Many business owners take measures to prevent fraud. These include the four-eye principle, system security such as firewalls, or training to promote staff awareness. Nevertheless, we find that business owners are misjudging the risk of fraud, especially now that technology is enabling entirely new forms of scam (deep fake or deep voice).

"Business owners have a lot on their plate these days. Supply problems, energy problems, staff shortages, inflation, you name it. And on top of that is the fear that fraud will increase with the emergence of new technologies and become more difficult to prevent," says Richard van Essen, Fraud Sales Manager at Allianz Trade.

"A fraud insurance policy will absorb the financial losses, in any case, but you'd rather not let it come to that." Richard van Essen shares his practical experience. "What often happens is that criminals place an order on behalf of another company. For example, they claim that their regular supplier is unable to deliver. This has been an issue in recent years. They are looking for another supplier. This is music to the ears of any business owner. Checks are often carried out, but criminals are becoming increasingly sophisticated. The reality is that the order is accepted and delivery takes place. Usually, the delivery address is changed at the last minute. The criminals may even have rented a warehouse in the same street or around the corner to have the items delivered there. Sometimes they stand in the street to guide the truck that way with some excuse."

"And in the end, of course, the invoice is never paid." According to Richard van Essen, the email traffic surrounding the order will look extremely reliable. "There are minor discrepancies only in the tiniest details. You should really look out for that. Sometimes the email will actually be sent in the name of a business connection, after a computer break-in."

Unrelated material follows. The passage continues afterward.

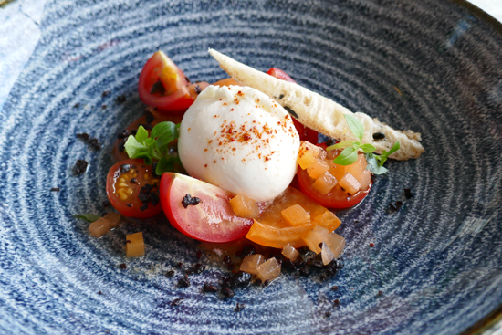 Die Vorspeise "Burrata, Bunte Tomaten, Melone und Olivenbrot" wirkte
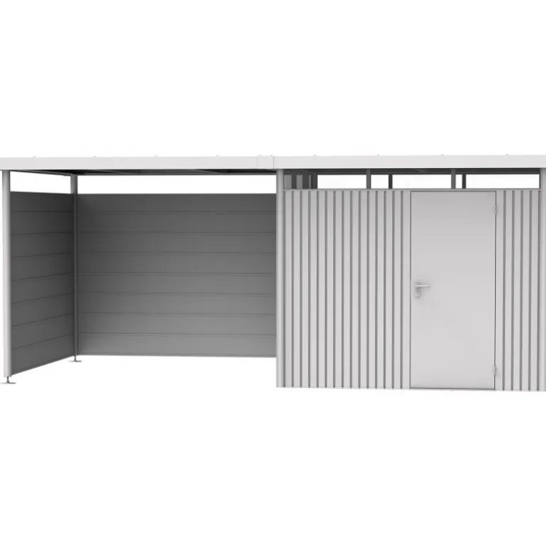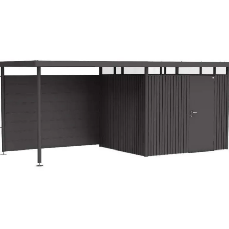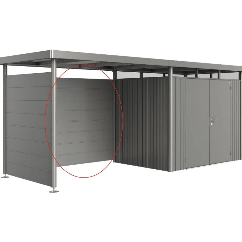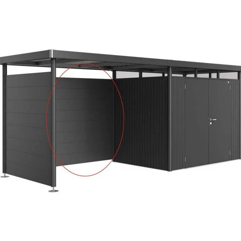 Facoltativamente, si può decidere di aggiungere una parete posteriore e/o una parete laterale alla tettoia laterale della casetta porta attrezzi HighLine (a partire dalla mis. H2). Le pareti sono disponibili negli stessi colori delle casette.

"Of course, it's important for business owners to know what techniques are commonly used by 'professional criminals', but they shouldn't forget that most fraud is still committed by their own employees. These employees divert money or goods. The accountant' may keep a shadow administration and systematically enrich himself." Managing directors tend to think it will not happen to them and that their own people are trustworthy.
According to Richard van Essen, the human factor is the crucial link in fraud prevention. "Problems at home can put employees under pressure, leading to the temptation to commit fraud. They may be employees who live beyond their means, are addicted to gambling or have large debts. Sometimes it can happen that employees are frustrated and feel they are entitled to the money because they work hard and earn so much for the business, but don't feel sufficiently valued or rewarded."
"A criminal pretending to be someone else: this is the common thread. For example, the criminal sends an email in the name of the director or manager with an order for payment. The internal email looks completely reliable and the tone is perfect. This development is ongoing. The fear is that deep voice and deep fake will take off. The voice you hear from the director on the phone is fake, but sounds real. Or take a video call. The person you see on the screen has been imitated by a computer program. These are, of course, very worrying developments. Crime is always one step ahead, so as a company you quickly find yourself falling behind."

Richard van Essen explains the difference between fraud insurance and cyber insurance. "In practice, business owners with cyber insurance believe they are insured against digital forms of fraud, where a criminal impersonates someone else. It's only in exceptional or very limited circumstances that this type of fraud is covered by cyber insurance."

"Cyber insurance covers other specifics, such as the damage caused if your system is shut down by criminals. They release the computer system only after you pay the ransom. Or consider data files that are exposed through a hack. This is usually covered by cyber insurance. For false orders, false invoices (fake supplier, fake buyer, etc.) or fraud committed by your own staff, you need adequate fraud insurance in addition to cyber insurance."

Allianz Trade is active in the area of fraud insurance in Europe for many years. "We're seeing that many fraud insurers in the market no longer wish to insure against fraud risk. They seem apprehensive about a wave of fraud that appears to be coming our way as a result of new technologies. As part of the Allianz group, Allianz Trade is a solid partner with extensive knowledge of the latest developments in fraud."